• **Data in this exercise**:
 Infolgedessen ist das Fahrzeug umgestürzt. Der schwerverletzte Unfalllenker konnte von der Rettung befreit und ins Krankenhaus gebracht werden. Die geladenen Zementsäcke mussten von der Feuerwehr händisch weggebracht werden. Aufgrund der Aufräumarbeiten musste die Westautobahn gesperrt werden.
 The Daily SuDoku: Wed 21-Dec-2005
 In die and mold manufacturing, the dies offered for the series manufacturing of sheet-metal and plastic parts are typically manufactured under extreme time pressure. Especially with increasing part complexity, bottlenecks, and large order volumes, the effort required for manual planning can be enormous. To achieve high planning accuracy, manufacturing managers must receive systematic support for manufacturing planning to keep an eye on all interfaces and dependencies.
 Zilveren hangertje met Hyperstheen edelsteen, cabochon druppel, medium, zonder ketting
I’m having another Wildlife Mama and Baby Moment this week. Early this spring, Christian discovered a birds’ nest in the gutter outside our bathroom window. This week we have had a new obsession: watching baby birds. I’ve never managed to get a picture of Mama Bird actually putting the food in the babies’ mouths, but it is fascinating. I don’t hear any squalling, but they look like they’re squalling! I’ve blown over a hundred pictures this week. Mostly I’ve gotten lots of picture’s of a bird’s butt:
==
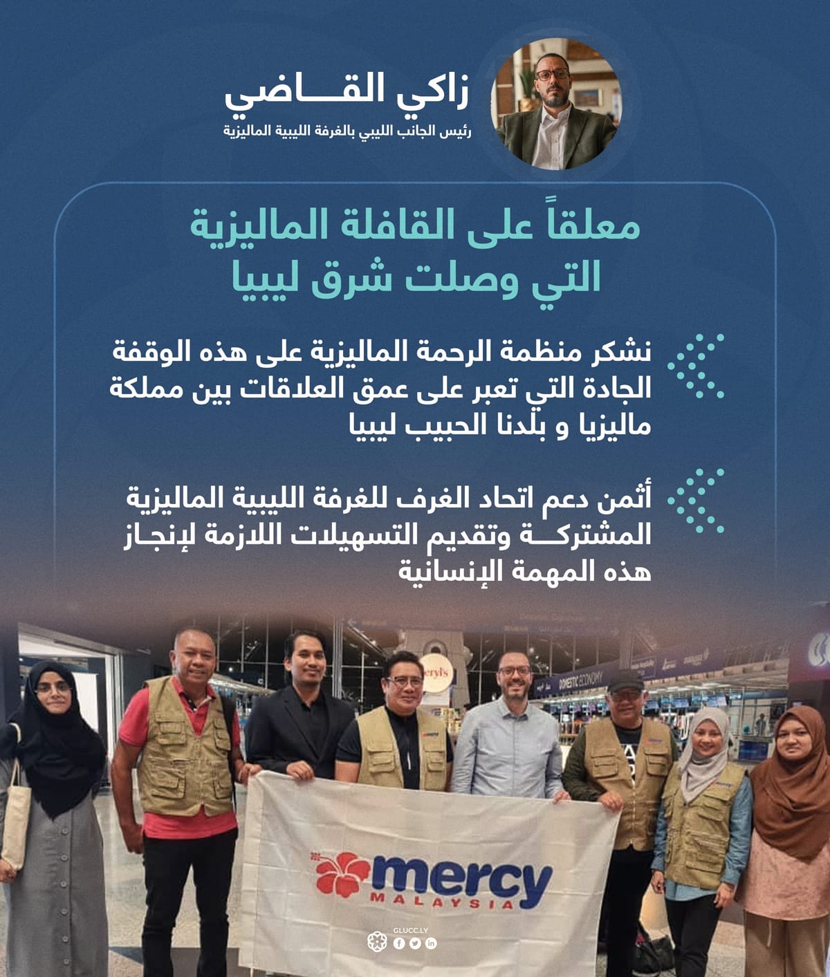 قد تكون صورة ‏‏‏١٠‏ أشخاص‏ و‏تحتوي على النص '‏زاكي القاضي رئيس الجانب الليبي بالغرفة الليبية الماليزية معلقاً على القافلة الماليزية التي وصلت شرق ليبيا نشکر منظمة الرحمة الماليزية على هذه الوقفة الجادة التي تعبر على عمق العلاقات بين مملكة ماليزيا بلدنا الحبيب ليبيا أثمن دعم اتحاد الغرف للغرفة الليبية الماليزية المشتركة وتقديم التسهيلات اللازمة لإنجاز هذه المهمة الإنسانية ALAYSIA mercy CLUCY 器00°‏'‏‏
==
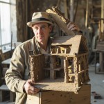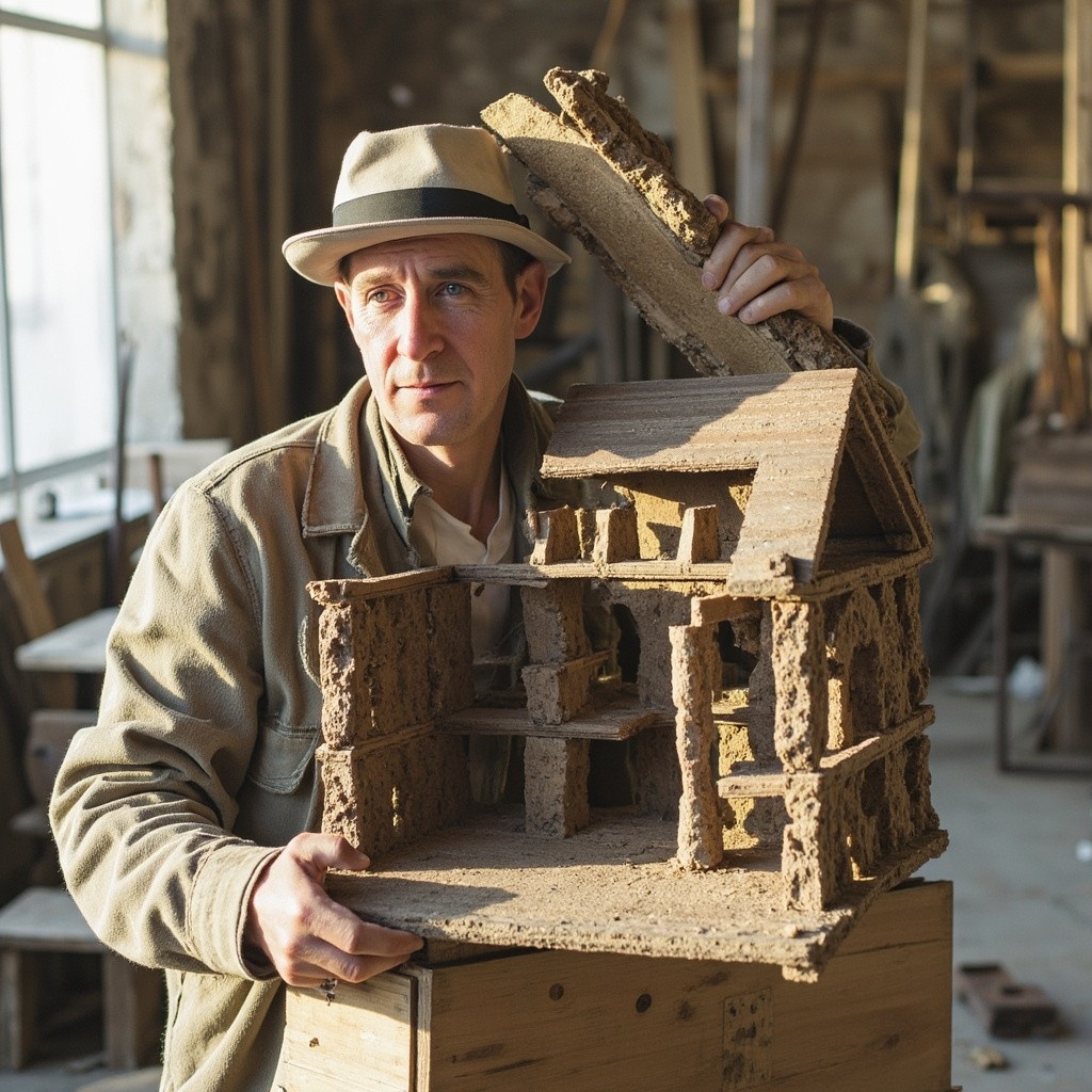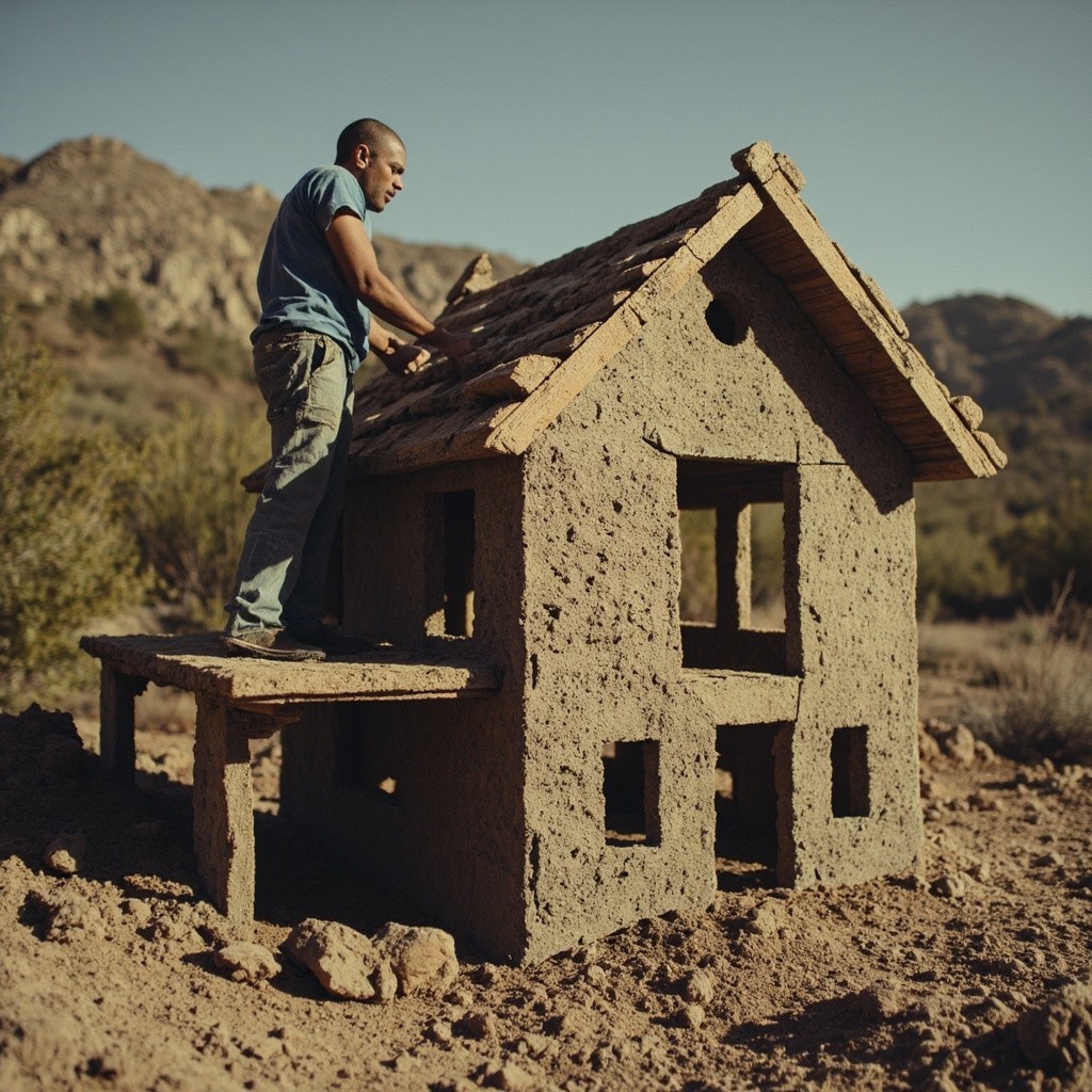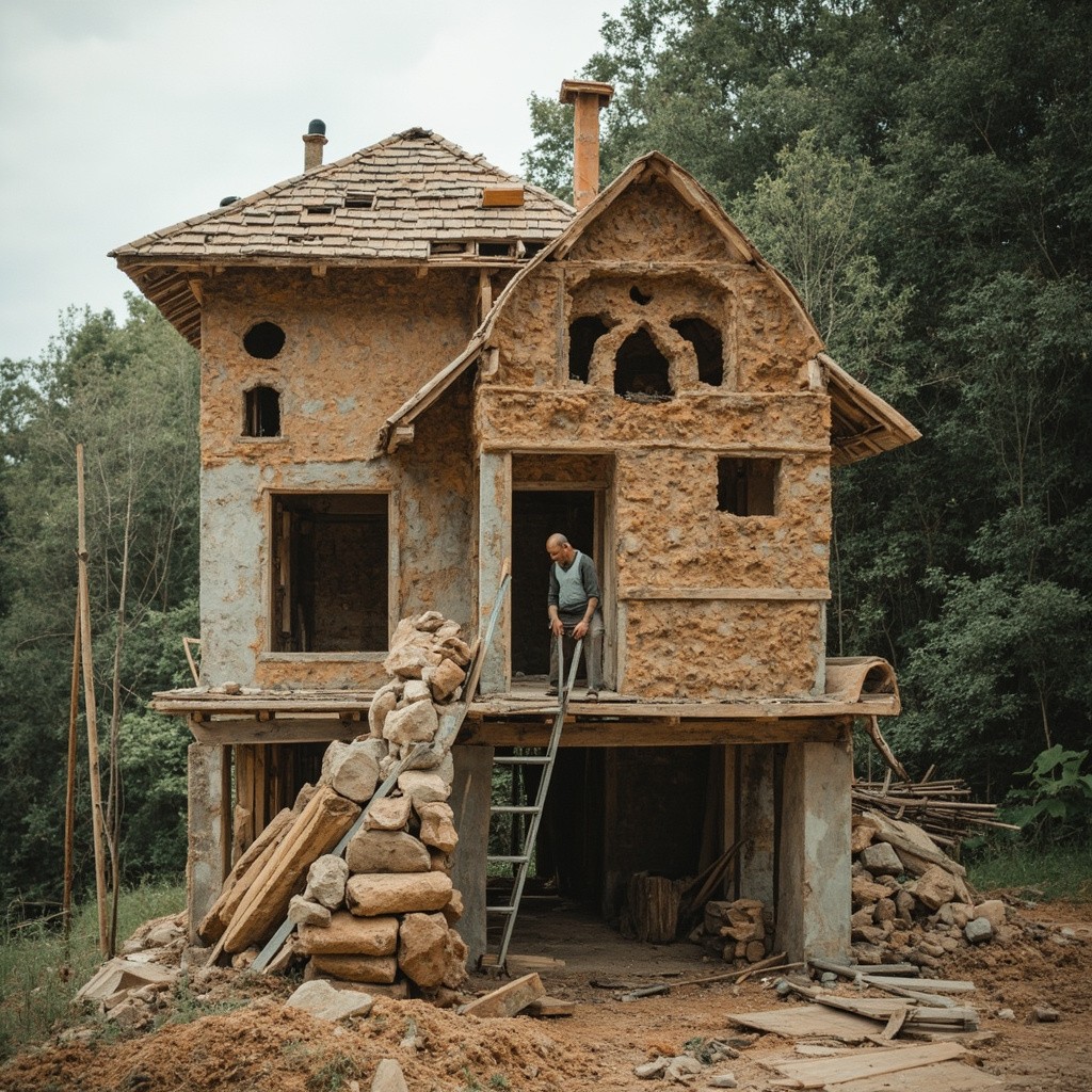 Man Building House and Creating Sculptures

• **Exercise description**:
Look above for the line holding "In die and mold" and the line holding "Zilveren hangertje met", then output exactly those two lines and every line between them, nothing more.

• **Task response**:
 In die and mold manufacturing, the dies offered for the series manufacturing of sheet-metal and plastic parts are typically manufactured under extreme time pressure. Especially with increasing part complexity, bottlenecks, and large order volumes, the effort required for manual planning can be enormous. To achieve high planning accuracy, manufacturing managers must receive systematic support for manufacturing planning to keep an eye on all interfaces and dependencies.
 Zilveren hangertje met Hyperstheen edelsteen, cabochon druppel, medium, zonder ketting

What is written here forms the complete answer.